#### [Task to complete]
Print the lines of the data, starting with the first, up to and including the line where "Tucked back from" appears.

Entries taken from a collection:
◆ ◆ ◆ ◆
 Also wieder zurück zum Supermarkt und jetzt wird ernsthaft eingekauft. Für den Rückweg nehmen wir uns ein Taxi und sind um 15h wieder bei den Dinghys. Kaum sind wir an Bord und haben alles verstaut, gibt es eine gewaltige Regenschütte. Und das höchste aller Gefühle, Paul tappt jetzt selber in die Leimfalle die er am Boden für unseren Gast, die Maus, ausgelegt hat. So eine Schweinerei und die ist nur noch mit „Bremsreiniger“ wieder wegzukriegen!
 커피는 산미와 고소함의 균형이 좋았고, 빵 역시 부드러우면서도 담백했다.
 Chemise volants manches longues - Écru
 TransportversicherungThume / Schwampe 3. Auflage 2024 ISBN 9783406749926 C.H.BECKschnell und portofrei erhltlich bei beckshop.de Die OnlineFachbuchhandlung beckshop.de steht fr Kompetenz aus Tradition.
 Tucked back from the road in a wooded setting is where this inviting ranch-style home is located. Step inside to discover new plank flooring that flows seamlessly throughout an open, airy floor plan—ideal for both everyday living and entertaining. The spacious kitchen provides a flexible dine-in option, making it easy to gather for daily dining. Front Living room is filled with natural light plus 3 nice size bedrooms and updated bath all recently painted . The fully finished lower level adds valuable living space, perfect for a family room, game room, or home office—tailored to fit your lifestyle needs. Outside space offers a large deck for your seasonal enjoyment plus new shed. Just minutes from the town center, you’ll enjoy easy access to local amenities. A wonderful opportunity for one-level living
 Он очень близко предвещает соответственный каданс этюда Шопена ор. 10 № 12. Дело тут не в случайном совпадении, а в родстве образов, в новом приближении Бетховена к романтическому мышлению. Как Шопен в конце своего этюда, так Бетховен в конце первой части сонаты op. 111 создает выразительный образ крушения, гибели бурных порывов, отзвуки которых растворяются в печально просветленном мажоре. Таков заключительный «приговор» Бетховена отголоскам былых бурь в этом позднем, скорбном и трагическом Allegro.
◆ ◆ ◆ ◆
#### [Output]
 Also wieder zurück zum Supermarkt und jetzt wird ernsthaft eingekauft. Für den Rückweg nehmen wir uns ein Taxi und sind um 15h wieder bei den Dinghys. Kaum sind wir an Bord und haben alles verstaut, gibt es eine gewaltige Regenschütte. Und das höchste aller Gefühle, Paul tappt jetzt selber in die Leimfalle die er am Boden für unseren Gast, die Maus, ausgelegt hat. So eine Schweinerei und die ist nur noch mit „Bremsreiniger“ wieder wegzukriegen!
 커피는 산미와 고소함의 균형이 좋았고, 빵 역시 부드러우면서도 담백했다.
 Chemise volants manches longues - Écru
 TransportversicherungThume / Schwampe 3. Auflage 2024 ISBN 9783406749926 C.H.BECKschnell und portofrei erhltlich bei beckshop.de Die OnlineFachbuchhandlung beckshop.de steht fr Kompetenz aus Tradition.
 Tucked back from the road in a wooded setting is where this inviting ranch-style home is located. Step inside to discover new plank flooring that flows seamlessly throughout an open, airy floor plan—ideal for both everyday living and entertaining. The spacious kitchen provides a flexible dine-in option, making it easy to gather for daily dining. Front Living room is filled with natural light plus 3 nice size bedrooms and updated bath all recently painted . The fully finished lower level adds valuable living space, perfect for a family room, game room, or home office—tailored to fit your lifestyle needs. Outside space offers a large deck for your seasonal enjoyment plus new shed. Just minutes from the town center, you’ll enjoy easy access to local amenities. A wonderful opportunity for one-level living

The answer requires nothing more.